----- Input for this task -----

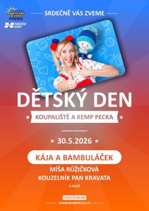 VI. ročník Dětského dne v areálu Koupaliště a kempu Pecka. Těšit se můžete na Káju a Bambuláčka, kouzelníka Kravatu a v neposlední řadě Míšu Růžičkovou.
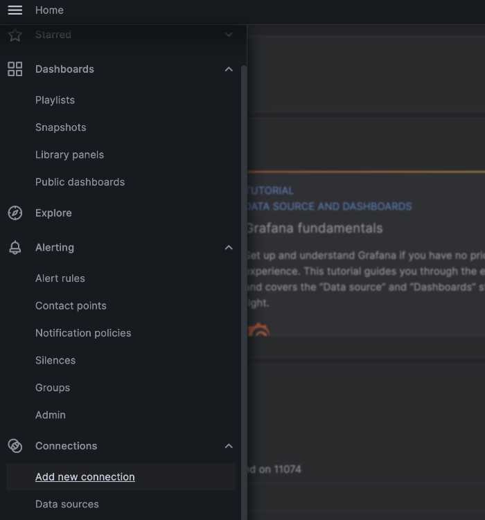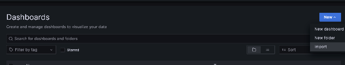 다시, 그라파나 화면으로 돌아가서 왼쪽 카테고리의 DashBoards 로 들어가자.
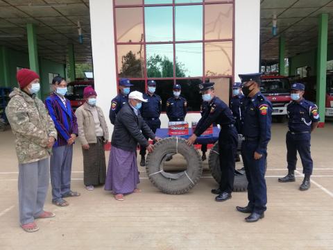 မီးသတ်ယာဉ်ကြံ့ခိုင်မှုရှိစေရန် ကန်ပက်လက်မြို့မိမြို့ဖအဖွဲ့မှ ကားတာယာနှင့် ဘက်ထရီများ လှူဒါန်း
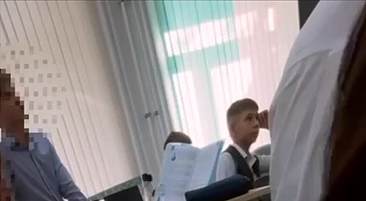 Где-то на заднем плане учительница просит неадеквата прекратить. Где в этот момент была охрана школы в которую проник агрессивный семьянин не понятно.
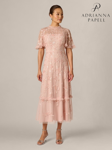 Adrianna Papell Pink Petite Ruffle Trim Bead Mesh Dress

-----

* _Exercise instructions_: Exclude the pictures, then retype every record exactly.

* _Task answer_:
 VI. ročník Dětského dne v areálu Koupaliště a kempu Pecka. Těšit se můžete na Káju a Bambuláčka, kouzelníka Kravatu a v neposlední řadě Míšu Růžičkovou.
 다시, 그라파나 화면으로 돌아가서 왼쪽 카테고리의 DashBoards 로 들어가자.
 မီးသတ်ယာဉ်ကြံ့ခိုင်မှုရှိစေရန် ကန်ပက်လက်မြို့မိမြို့ဖအဖွဲ့မှ ကားတာယာနှင့် ဘက်ထရီများ လှူဒါန်း
 Где-то на заднем плане учительница просит неадеквата прекратить. Где в этот момент была охрана школы в которую проник агрессивный семьянин не понятно.
 Adrianna Papell Pink Petite Ruffle Trim Bead Mesh Dress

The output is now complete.